One thing that this has taught me is to check my spam folder more often. The first time I did that this week was very 'painful' as there were so many to review. But now, when I do it every day or so, it is just a quick scan.

I found about at least 7 more 'legit' emails in Yahoo's spam folder including one from my bank (a very prominent Internet Bank).

I'm still amazed what gets into the Inbox. Just today I had countless solicitations for xxx sites and others for a 'great business oppotunity' if I work with someone from Africa. I don't know what their algorithm is for determining spam, but these are so obvious it sees like yahoo is being paid to ignore all the signs of what it is.

I'm being much more aggressive with these types of emails and marking them as spam. It probably won't help but it makes me feel better.

I can't say how much of the problem is due to poor user interface design, but the button on the Yahoo mail message display page doesn't say "Report Spam" or "This is Spam" it just says "Spam".

Some years ago, so long that the details escape me, I was a newbie on a freemail site that might or might not have been Yahoo. I received my very first spam message and, of course, immediately deleted it. The site, of course, then displayed the next message in my inbox. At that point I noticed a button marked "Report Spam." "That's for me," I cried, and clicked it. Instead of a form for me to fill out to report that other message as spam, as I had expected, I received a "thank you for your report" screen. "No! Not this message!" I shouted, to no avail. I think I sent a message to someone on the "contact us" page explaining what I had done, but I don't remember anything (positive or negative) coming of it.

My point, and I do have one, is that some of the Spam clicks might possibly have been accidental. Not that it helps any....

My premium True subscription now goes to my Gmail account, which BTW I got through an invite from Randy. Thanks again!

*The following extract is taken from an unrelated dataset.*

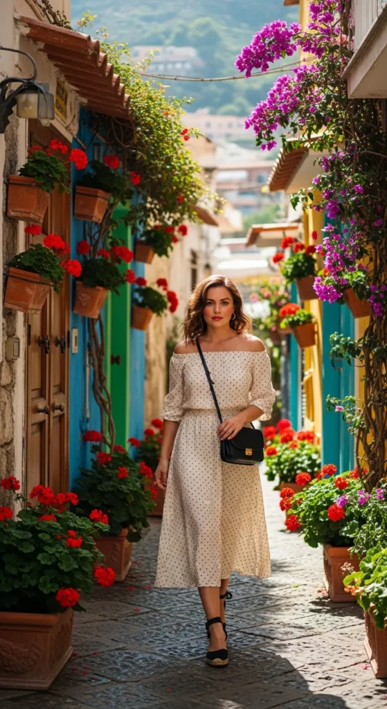 A soft cream off-shoulder dress with tiny black polka dots feels flirty yet classic. It’s playful without being loud, perfect for exploring hidden alleyways.

The Yahoo problem is bad. I am a pilot for Angel Flight SC and we can't get our daily emails listing missions available to fly patients because Yahoo has blocked us as spam!!!

In the last month, spam has gotten crazy!

Keep up the good work!

I just deleted some spam this afternoon, and noticed something odd.

I had well over a hundred messages (I don't check my Yahoo email often, and haven't subscribed to anything using that address.) They all wanted to sell me drugs from Canada or get my help liberating money from Nigeria. I clicked "Check all" and then "Spam," thinking that all the messages on the first screen would be deleted and I'd have the next screen of spam to wade through.

And my inbox was empty.

I have no idea what was on that second screen. I'm assuming there should have been more messages--perhaps they all fit on one screen, but it didn't seem like more than 100.

There are probably some folks who decided they didn't want True anymore and just hit "Spam" instead of unsubscribing, but I'll bet that plenty of messages were marked as spam accidentally.

It seems the problem still exists - my mail server dropped the current issue into my deleted items folder as soon as it came through to my computer. I have Windows Live Mail, and have never clicked to identify the newsletters as spam. I'm wondering if some other 'news' websites are falsely reporting other newsletters as spam to try and get them taken down, due to jealousy of their popularity?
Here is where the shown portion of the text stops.